During the summer of 2005, Mangat’s high school graduating year, he headed off to Kwantlen Polytechnic University in Vancouver to begin his studies — the thought never even entering his mind he’d be where he’s at today.

“When I was in high school I was kind of the geeky kid,” said Mangat, now 23 years old, looking back on his high school days. “It was more like my whole life I was kind of the follower.”

Today, he’s a mixed martial arts champion.

Mangat won the vacant 145-pound featherweight title on Saturday, Jan. 15 at Battlefield Fight League’s Battlefield 5 event at Richmond’s River Rock Casino and Resort, beating Kelowna’s Cam Deleurme in a unanimous decision for the belt.

“Basically, I lived my whole life in Williams Lake,” he said. “When I moved up to the big city I wanted to do something less ordinary but never knew that MMA would be the thing I’d get into. In high school, I was the kind of kid that whenever there was a fight I would run.”

With no fighting background or mixed martial arts background, Mangat discovered the sport while watching an Ultimate Fighting Championship pay-per-view at a bar.

“I haven’t turned back since,” Mangat said.

“I started training in 2007 in January. They said I was kind of a natural at picking it up. I always absorbed everything when I was in high school and I was a good observer and I would be able to apply all the things I learned to my everyday life.

“I just became obsessed with it and just kept going up the ranks of the charts and here I am now.”

Mangat, now with six wins and two losses in his mixed martial arts career, said his proudest moment was winning the title with his family, who were in attendance for the event, by his side.

“Winning the bout left me speechless,” he said.

“When I left Williams Lake I know a lot of people would have never expected such things from me. It was probably one of my proudest moments to take the belt off and put it on my dad’s shoulders.

“I was the first Sikh ever in MMA history to win a title in MMA. It was a historic moment for me, and it means a lot to me.”

Battlefield Fight League, based out of Vancouver, is the premier mixed martial arts organization in the city, and works beneath the UFC as a potential talent pool for upcoming fighters.

“When the UFC’s looking for fighters they’ll look to Battlefield,” Mangat said. “Me being the number one guy at 145 pounds will definitely help my chances of getting to the UFC, along with my marketability.”

Mangat said his ultimate goal is to make the UFC’s Ultimate Fighter TV show by this summer.
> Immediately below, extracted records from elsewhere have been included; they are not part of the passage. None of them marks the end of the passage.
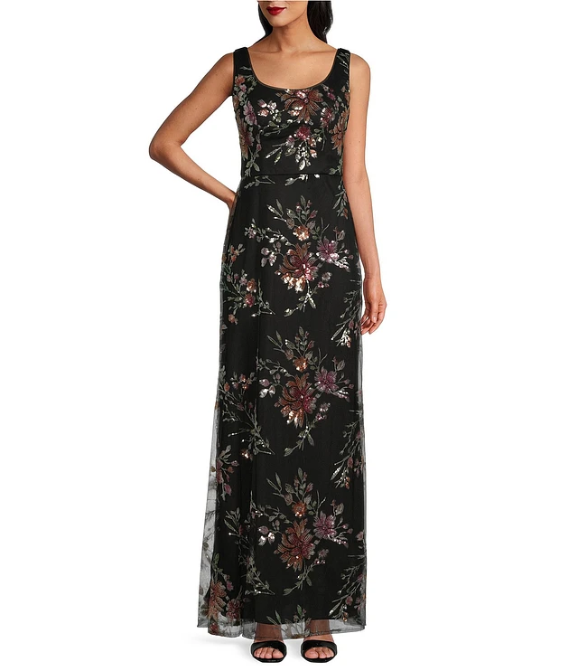 Alex Evenings Sequin Floral Scoop Neck Sleeveless Sheath Dress
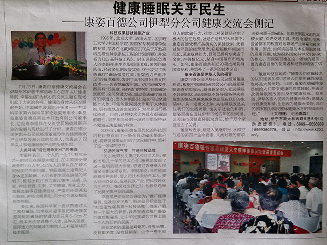 7月23日,康姿百德健康交流盛會在新疆伊犁州蘇伊老干部活動中心舉行,以“健康睡眠、幸福生活”為核心的交流主題引起了與會代表的共鳴。中國磁性寢具的開拓者—第六屆中國科學家論壇副理事長、秦皇島康姿百德高新技術開發(fā)有限公司董事長、總經(jīng)理李銀祥就健康睡眠產(chǎn)業(yè)的發(fā)展與現(xiàn)狀進行了深入分析。康姿百德公司伊犁分公司總經(jīng)理董雁玲向與會代表交流了從事健康睡眠產(chǎn)業(yè)四年來的所感所想。7月24日《伊犁晚報》對此次會議作了題為“健康睡眠、關乎民生”的專題報道。
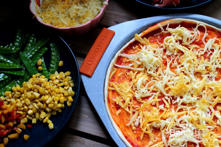 13、把炒好的蔬菜食材平均放在奶酪上
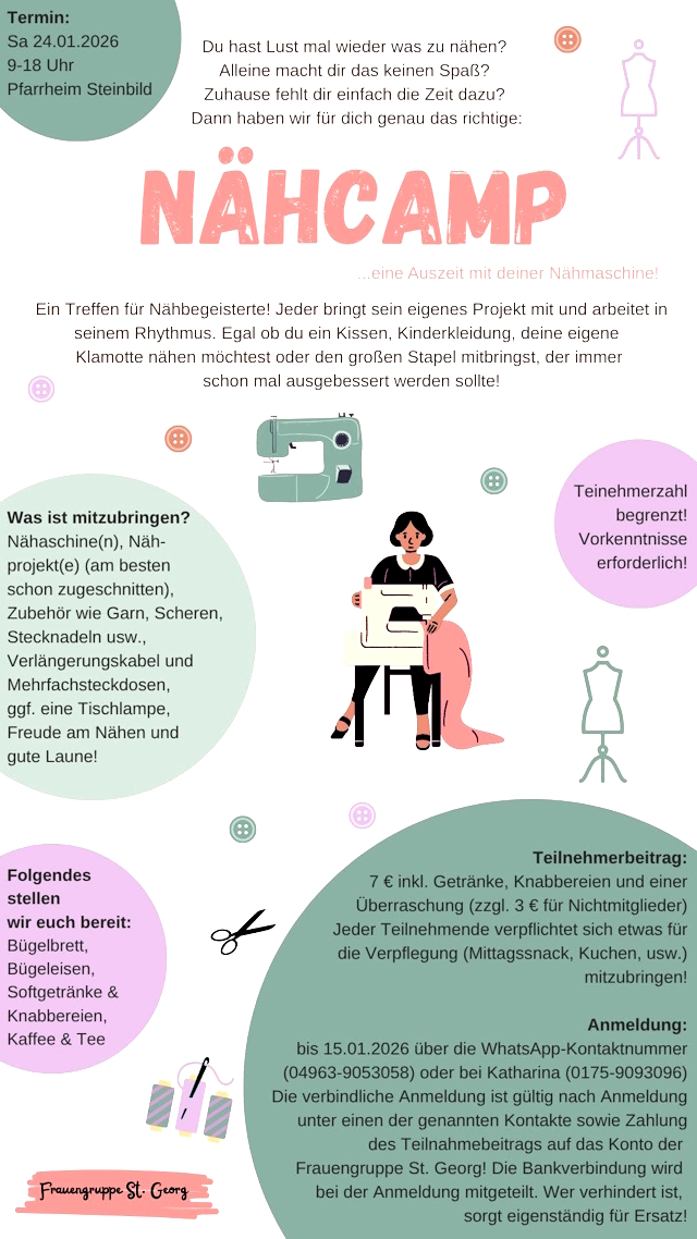 Das Jahr ist noch nicht zu Ende, aber wir wollen jetzt schon auf eine Veranstaltung im Januar hinweisen: Wir veranstalten am Sa 24.01.2026 ein “Nähcamp – eine Auszeit mit deiner Nähmaschine”!
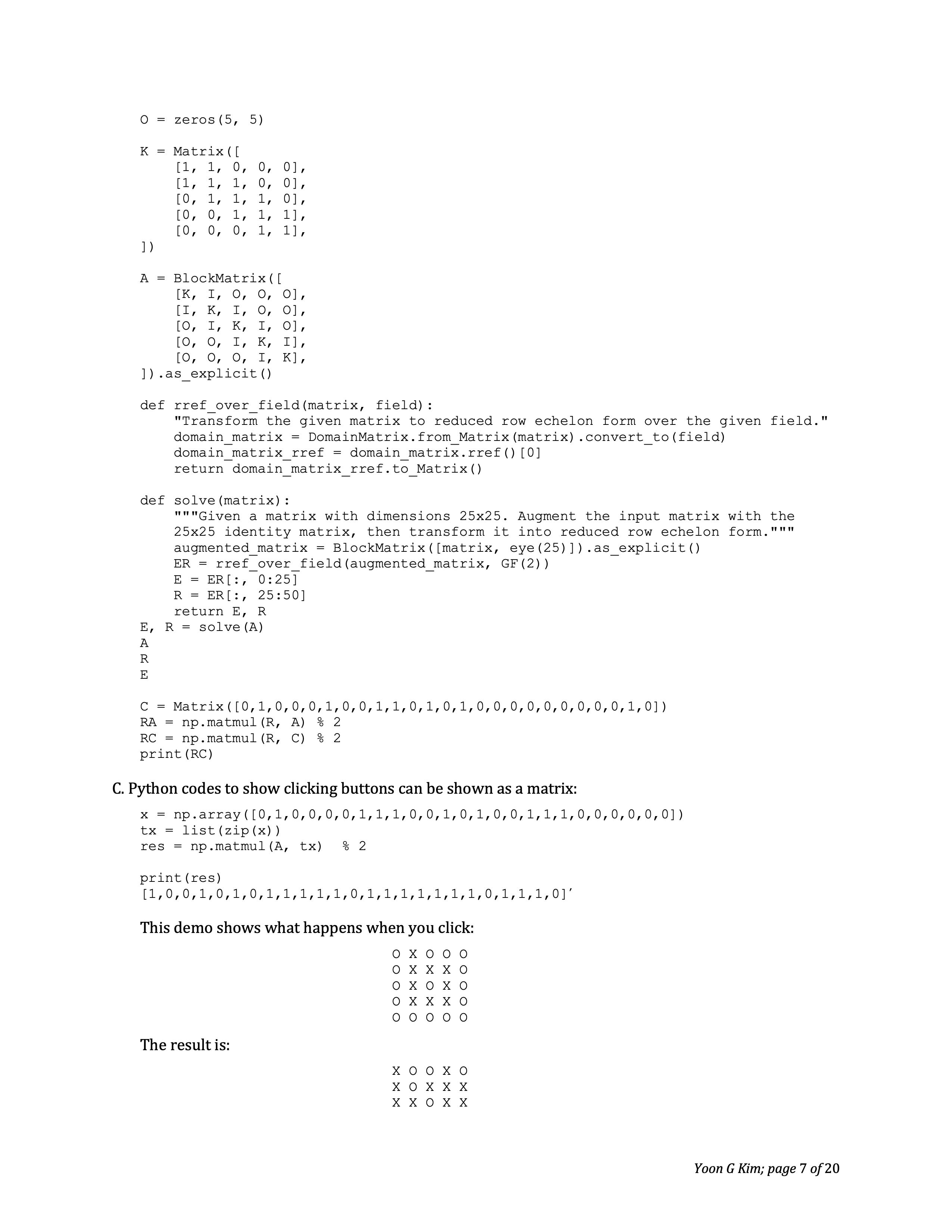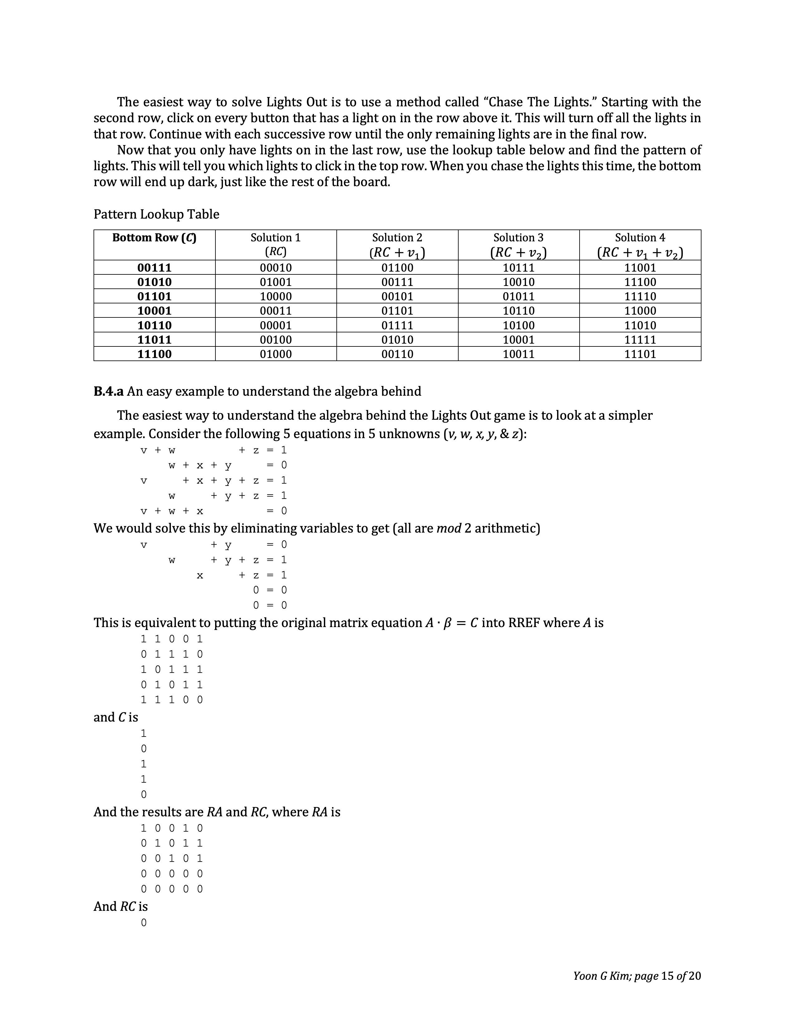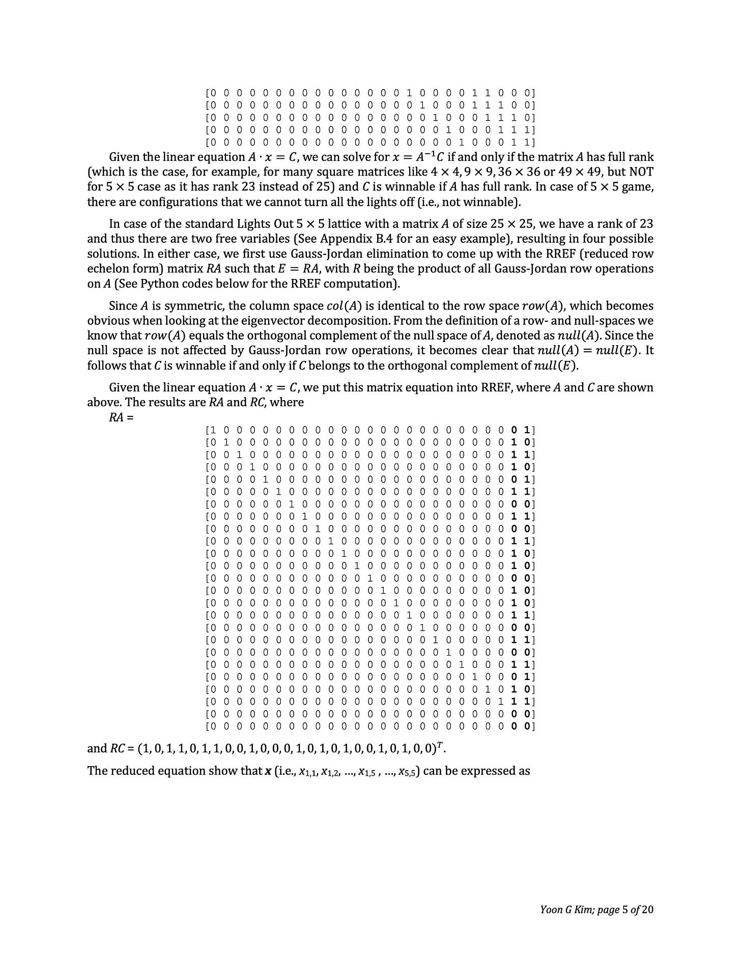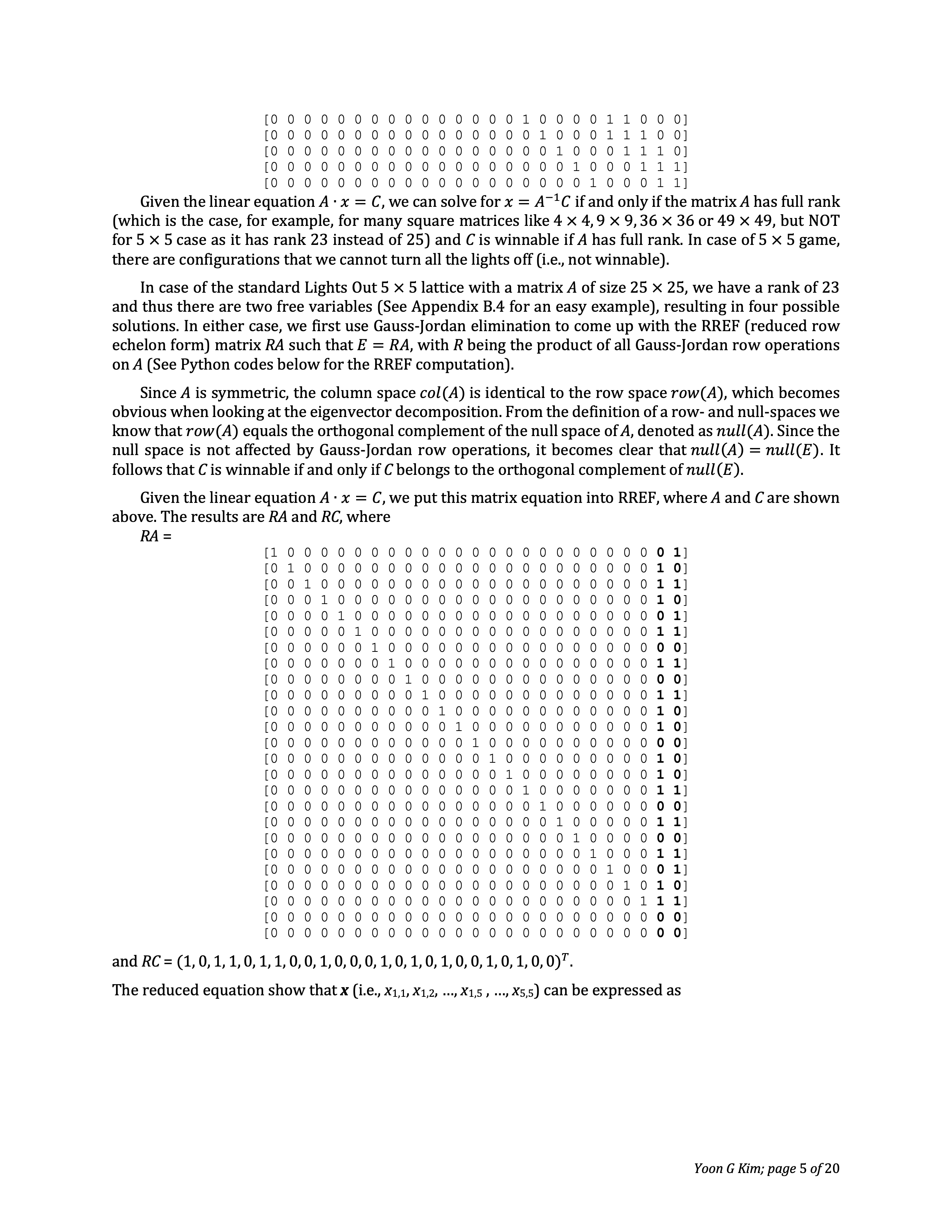 Keywords: XOR operation with binary numbers, Lights Out, RREF (Reduced Row Echelon Form), pivot, null space

“And if not, my goal is to be the first Sikh to make it to the UFC,” he said. “There are no Sikh fighters at the world-class level. That was the thing that I took day by day and kept training keeping that goal in mind.”

In preparation for his five-round fight with Deleurme, Mangat trained four to five hours a day and six days a week for three months.

“I was training with the best guys in everything,” he said. “For wrestling I was in Vancouver with Frank Mesnah (Commonwealth champion), K1 Kickboxing champion Kultar Gill out of Abbotsford, Bibian Fernandes (former World Champion and training partner) and Blake Fredrickson — he’s my main MMA guy who put my game plan together.”

Mangat’s nickname, Saint Lion, also speaks volumes about his character.

“I was at a west coast Sikh youth camp about four years ago in Kelowna and when I arrived there I was still stuck in that mindset of being a follower,” he said.

“My self esteem wasn’t very high — mentally I wasn’t very strong.

“I met these martial artists from the United Kingdom and they started saying how I conducted myself around them was kind of a real nice guy, a saint kind of guy. Later on we did some martial arts and they were like, ‘Wow, you turned into a lion and took out the whole competition.’ When I came back after that camp is when I discovered MMA and all the time it stuck.”

Everything he’s been through, he said, has made him a better person.

“I just want to show what kind of inspiration MMA can be,” he said. “There’s a lot of discipline behind it and it’s made me a better person.

“I’m much nicer and more a complete person and that’s all through the journey while still remembering where I cam from in Williams Lake.”